[INFORMATION PROVIDED — start]

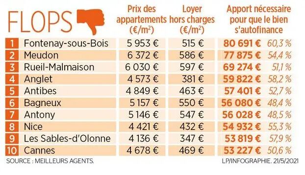 我们以一套20平方米的公寓房出租20年实现盈利为统一标准,并将代理费、公证费、税费以及每月还贷等费用都算在内,以下的10个城市是个人资金投入(apport nécessaire)最少的。
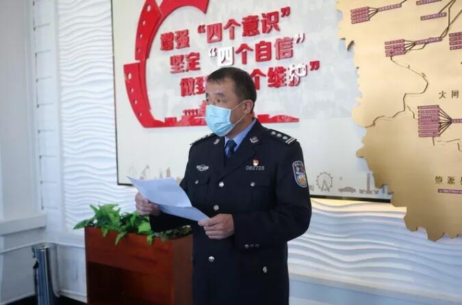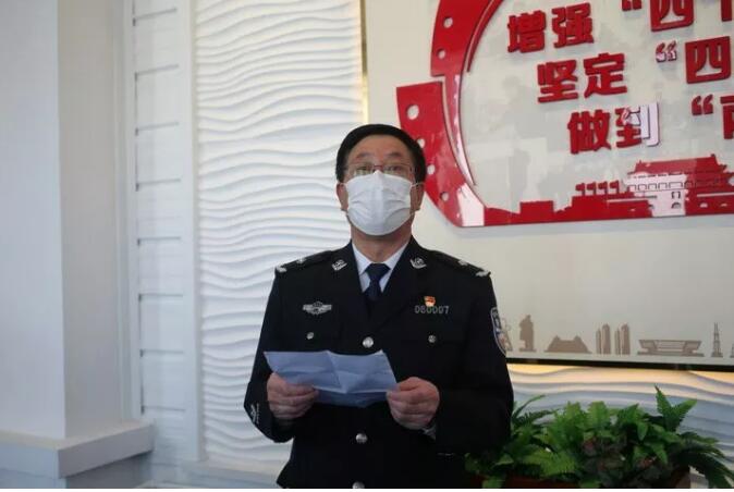 2月14日下午,大庆市公安局在公安科技大厦举行“火线入党”宣誓仪式。市公安局党委委员、政治部主任刘国富参加仪式并讲话。仪式由机关党委书记徐东主持。
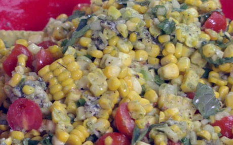 Sides (Grilled Corn & Tomato-Sweet Onion Salad with Fresh Basil Dressing & Crumbled Blue Cheese)
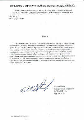 Отзыв от ООО "Строитель-КВ"
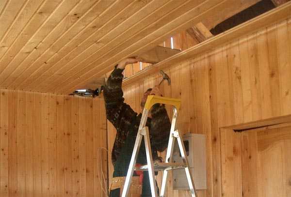 - Прикрепить к потолку деревянные бруски размеров 5 на 5 см.

[INFORMATION PROVIDED — finish]

Give the records a second time exactly, keeping the images out.

 我们以一套20平方米的公寓房出租20年实现盈利为统一标准,并将代理费、公证费、税费以及每月还贷等费用都算在内,以下的10个城市是个人资金投入(apport nécessaire)最少的。
 2月14日下午,大庆市公安局在公安科技大厦举行“火线入党”宣誓仪式。市公安局党委委员、政治部主任刘国富参加仪式并讲话。仪式由机关党委书记徐东主持。
 Sides (Grilled Corn & Tomato-Sweet Onion Salad with Fresh Basil Dressing & Crumbled Blue Cheese)
 Отзыв от ООО "Строитель-КВ"
 - Прикрепить к потолку деревянные бруски размеров 5 на 5 см.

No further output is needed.